Updated at 9:04 a.m. ET on December 10, 2021
When Joe Biden convened his virtual Summit for Democracy today, Narendra Modi was among the attendees. The Indian prime minister is the steward of the world’s largest democracy. Any conversation about global democratic decline, and what can be done to reverse it, would be incomplete without his participation.
Modi’s involvement in the summit nevertheless looks odd—even awkward—considering the role that he has played in precipitating democratic decline. Since coming to power in 2014, Modi has overseen a steady transformation of India from the secular democracy envisioned by its founders into a majoritarian, Hindu-nationalist state—one that demonizes its minority groups, undermines civil liberties, and crushes dissent. The democracy watchdog Freedom House took this deterioration into account when it downgraded India to a “partly free” country earlier this year. Although some democratic indexes have begun to label India a “flawed democracy,” others no longer consider the country to be a democracy at all.
Democratic backsliding of this kind can often be gradual and multifaceted.
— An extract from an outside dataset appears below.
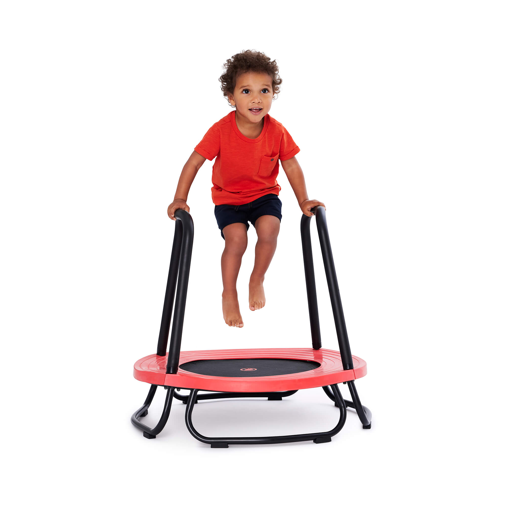 From aiding vision and auditory motor skills to offering a cardio workout that strengthens and lengthens muscles, this trampoline provides endless developmental benefits. Its thoughtful design ensures maximum safety with foam-covered handles, a low spring sheet height, and a durable rubber cover to protect against bumps.

Perhaps no one better exemplifies what is happening in India today than Rana Ayyub. The award-winning investigative journalist, author, and bugbear of Modi’s ruling Bharatiya Janata Party has emerged as one of the chief chroniclers of India’s democratic decline in the international press; her work has appeared on the cover of Time and she writes frequent columns for The Washington Post. Ayyub’s journalism has earned her plaudits for resilience and courage, and it has also subjected her to a torrent of online abuse, including doxing and death threats. Recently, she has been charged with numerous criminal complaints that she says are designed to intimidate her into silence.
To her detractors, Ayyub is nothing more than an activist defaming India’s image on the world stage. To her supporters, she is a rare voice speaking truth to power in a media environment prone to self-censorship. But Ayyub represents more than just a bellwether for press freedom in the country. As a journalist, a Muslim, and a vocal critic of the government’s Hindu-nationalist agenda, she represents many of the identities that are no longer tolerated in Modi’s India today. Hers is a story of what her country is becoming, and of what it stands to lose.
To speak with Ayyub is to get a glimpse of what it means to be a journalist in a country that’s in democratic freefall. The world she inhabits is still ostensibly a democracy: India has free and fair elections, independent institutions, and a constitution that safeguards religious freedom and the rights of minority groups. There is a private, albeit embattled, press and a visible, yet divided, political opposition. And despite the fact that the 2019 election gave Modi and his party a commanding parliamentary majority, the prime minister is not beyond political pressure.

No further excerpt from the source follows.